Target buyer: anyone selling forex signals, courses, or brokerage services. Their bottleneck: finding qualified traders — people with MT4/MT5 bios, trading-pair posts, or telltale hashtags. That audience is scattered across Reddit, TradingView, BabyPips, ForexFactory, and LinkedIn. Existing tools: cover one platform at a time, require constant maintenance, and return unscored data that still needs a human to filter.

02 · The approach

Five scrapers in parallel, scored at ingestion, sales-ready on export.

What ships: five platform-specific Python collectors running concurrently; a 15-point keyword classifier gating every candidate (bio keyword +10, post keyword +10, trading pair +10, MT4/MT5 +5, hashtag +5, threshold 15); SQLite warehouse keyed by profile URL (idempotent re-runs, no duplicates); Flask UI for operator review; REST endpoints for downstream CRM / email tools; APScheduler 6-hour loop; XLSX / CSV / JSON export.

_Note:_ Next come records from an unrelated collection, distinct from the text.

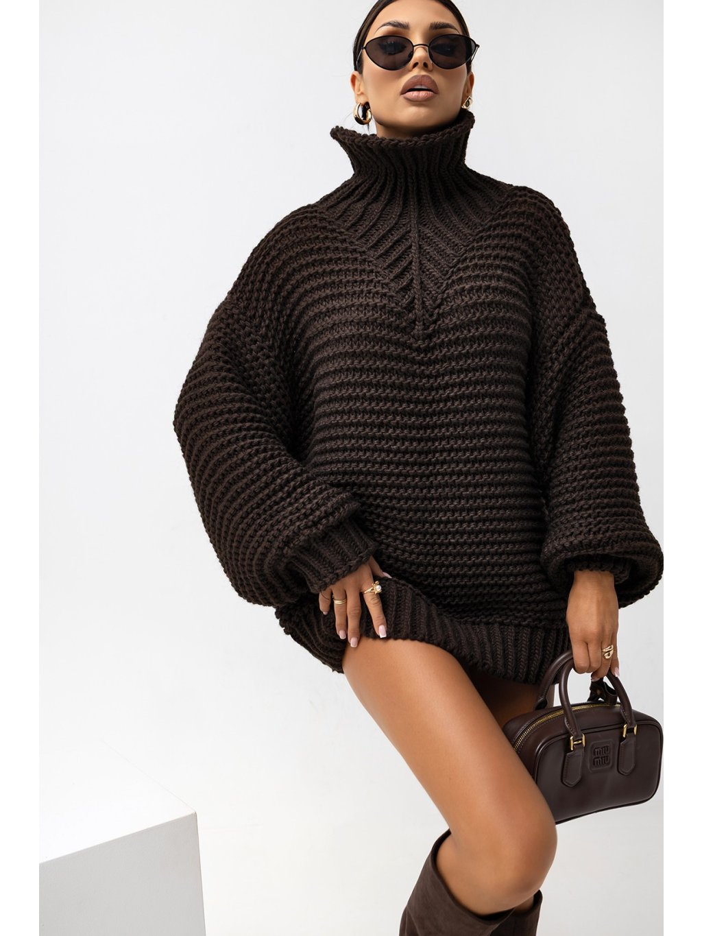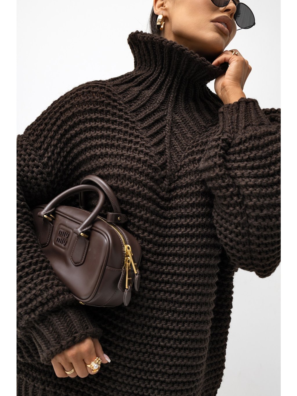 Oversize pletený rolákový svetr s širokými rukávy ISABELL – hnědá
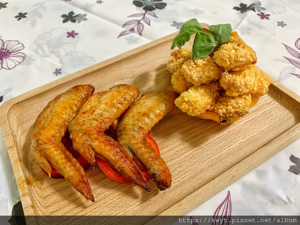 雞米花 & 二節翅也是,放入烤盤中,送入氣炸鍋烤起來!
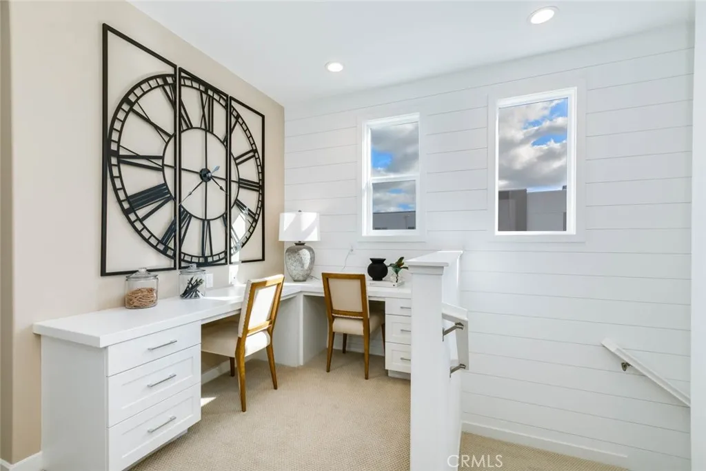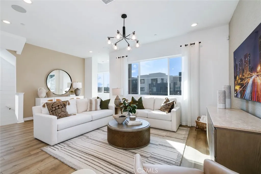FULLY FURNISHED by a designer, all you have to do is pack your toothbrush! This exquisite move-in-ready model home features 4 bedrooms, 3 bathrooms, and a dedicated office across 2,100 square feet of thoughtfully designed living space. Ideally situated in Solis Park, a vibrant enclave within the prestigious Great Park master-planned community, this residence offers a perfect blend of comfort and convenience. The first floor includes an attached two-car garage, while the second level boasts a spacious great room, a contemporary kitchen, and a bedroom with a full bathroom. The kitchen is elegantly appointed with quartz countertops, upgraded cabinetry, and brand-new stainless-steel appliances. The third floor showcases the luxurious primary suite and two additional bedrooms. Zoned for the highly acclaimed Irvine School District, the home is just a short walk from Portola High School, the K–8 Solis Park School, and the community’s amenities, including a park, pool, and clubhouse. Additional highlights include fully paid-off solar panels and the inclusion of all furniture, TV, and washer/dryer—making this truly a move-in-ready home you won’t want to miss.
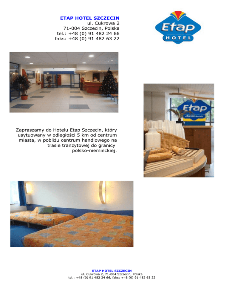 ETAP HOTEL SZCZECIN ul. Cukrowa 2 71-004 Szczecin, Polska tel.: +48 (0) 91 482 24 66 faks: +48 (0) 91 482 63 22 Zapraszamy do Hotelu Etap Szczecin, który usytuowany w odległości 5 km od centrum miasta, w pobliżu centrum handlowego na trasie tranzytowej do granicy polsko-niemieckiej. ETAP HOTEL SZCZECIN ul. Cukrowa 2, 71-004 Szczecin, Polska tel.: +48 (0) 91 482 24 66, faks: +48 (0) 91 482 63 22 Wszystkie nasze pokoje posiadają własną łazienkę (prysznic) oraz bogaty wybór kanałów telewizyjnych. ETAP HOTEL SZCZECIN ul. Cukrowa 2, 71-004 Szczecin, Polska tel.: +48 (0) 91 482 24 66, faks: +48 (0) 91 482 63 22
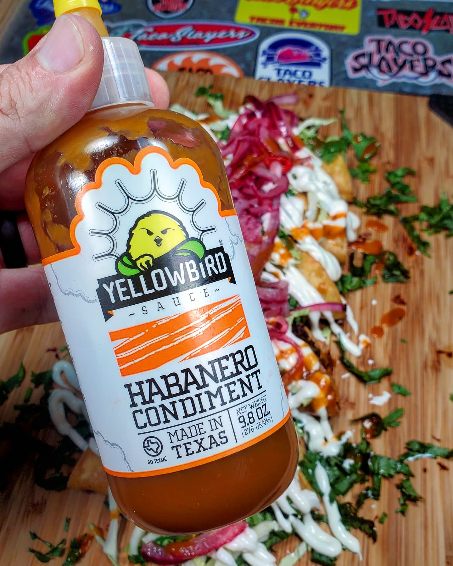 Then I finished up these tacos with a very generous pouring of @yellowbirdsauce Habanero to elevate the heat factor on these tacos….good vibes and great flavors.
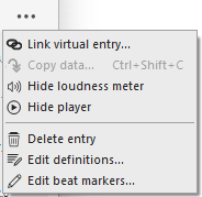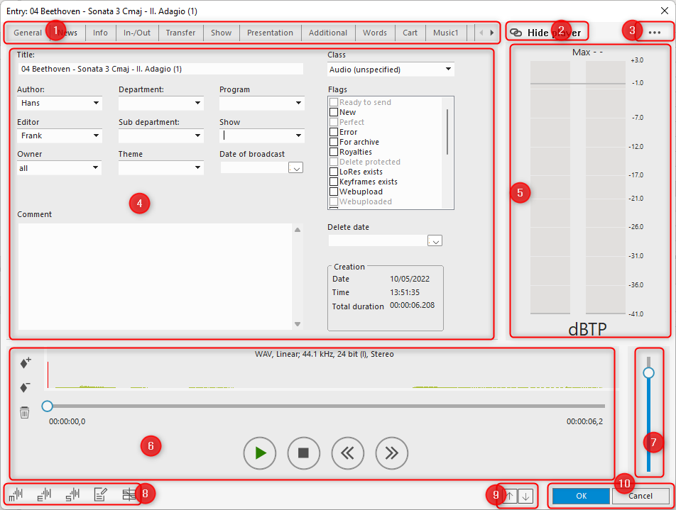 | 5 | The loudness meter is used during playback and recording. Only available if the entry contains audio. You can hide it interactively, and configuration controls whether it is initially displayed. |

What it replaces: a junior researcher spending ~10 hrs/week scraping names manually (typical market cost in Dhaka: $800–1,200/month; US: $3,500–5,000/month). This engine compresses that to zero human time after initial tuning.

03 · Architecture

How it fits together.

01 / Collectors

Multi-source Python

Five independent scrapers (Reddit, TradingView, BabyPips, ForexFactory, LinkedIn) run in parallel. Playwright handles the JS-heavy ones.

02 / Classifier

15-point scoring

Bio keywords (+10), post keywords (+10), trading pairs (+10), MT4/MT5 (+5), hashtags (+5). ≥15 keeps the lead; below discards it.

03 / Storage

SQLite warehouse

Profiles, posts, emails, websites — all normalised into a single store, keyed by profile URL. Idempotent re-runs, no duplicates.

04 / Delivery

Flask UI + REST

Operators use the Flask UI to browse. API consumers (CRMs, email tools) hit REST endpoints for /api/leads and /api/stats.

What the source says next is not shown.